Say, I've a dataset in CSV format, which contains sentences/paragraphs in rows. Suppose, it looks like this:
df = ['A B X B', 'X B B']
Now, I can generate co-occurrence matrix that looks like this
A B X
A 0 2 1
B 2 0 4
X 1 4 0
Here, (A,B,X) are words. It says B appeared where X is present = 4 times Code that I used for it
def co_occurrence(sentences, window_size):
d = defaultdict(int)
vocab = set()
for text in sentences:
# preprocessing (use tokenizer instead)
text = text.lower().split()
# iterate over sentences
for i in range(len(text)):
token = text[i]
vocab.add(token) # add to vocab
next_token = text[i+1 : i+1+window_size]
for t in next_token:
key = tuple( sorted([t, token]) )
d[key] += 1
# formulate the dictionary into dataframe
vocab = sorted(vocab) # sort vocab
df = pd.DataFrame(data=np.zeros((len(vocab), len(vocab)), dtype=np.int16),
index=vocab,
columns=vocab)
for key, value in d.items():
df.at[key[0], key[1]] = value
df.at[key[1], key[0]] = value
return df
The beauty of this code segment is that it allows me to choose windows size.
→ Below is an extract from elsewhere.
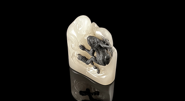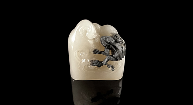【雕工】:作品非常出彩,很簡單的巧色處理,就是一件精工美石,雕刻手法是運用了高浮雕技法,很到位的運用一黑一白的兩種眼覺差、一晶一硬的石性比較,作為創作的分水嶺、部局和巧技處理。印鈕上化成青蛙在池塘中、踏著水波的一件文房器印章。工藝好巧色好,小青蛙形態也很好,還有添上水面旁的幾顆青蛙蛋蛋,細節位一點也不馬虎,作品到味的小精品,總體很可愛,東西實在不錯。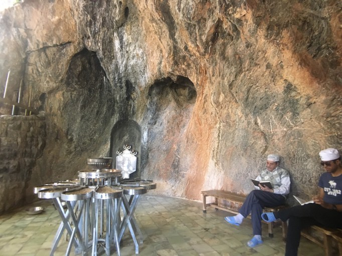 It’s a pretty steep hike up, but when you arrive, you are treated with this beautiful building set around the cliff where the drip still comes. It is the only place in those mountains where water is all year round.

That means if a particular word doesn't appear with a fixed amount of range from total sentence size then it gets ignored. But I would like to scale it.
So this means if a word is far from the target word "to" then it will be assigned lesser values. Unfortunately, I couldn't find a suitable solution for it. Is it possible with a package such as scikit-learn? Or is there any other way to do it except raw coding?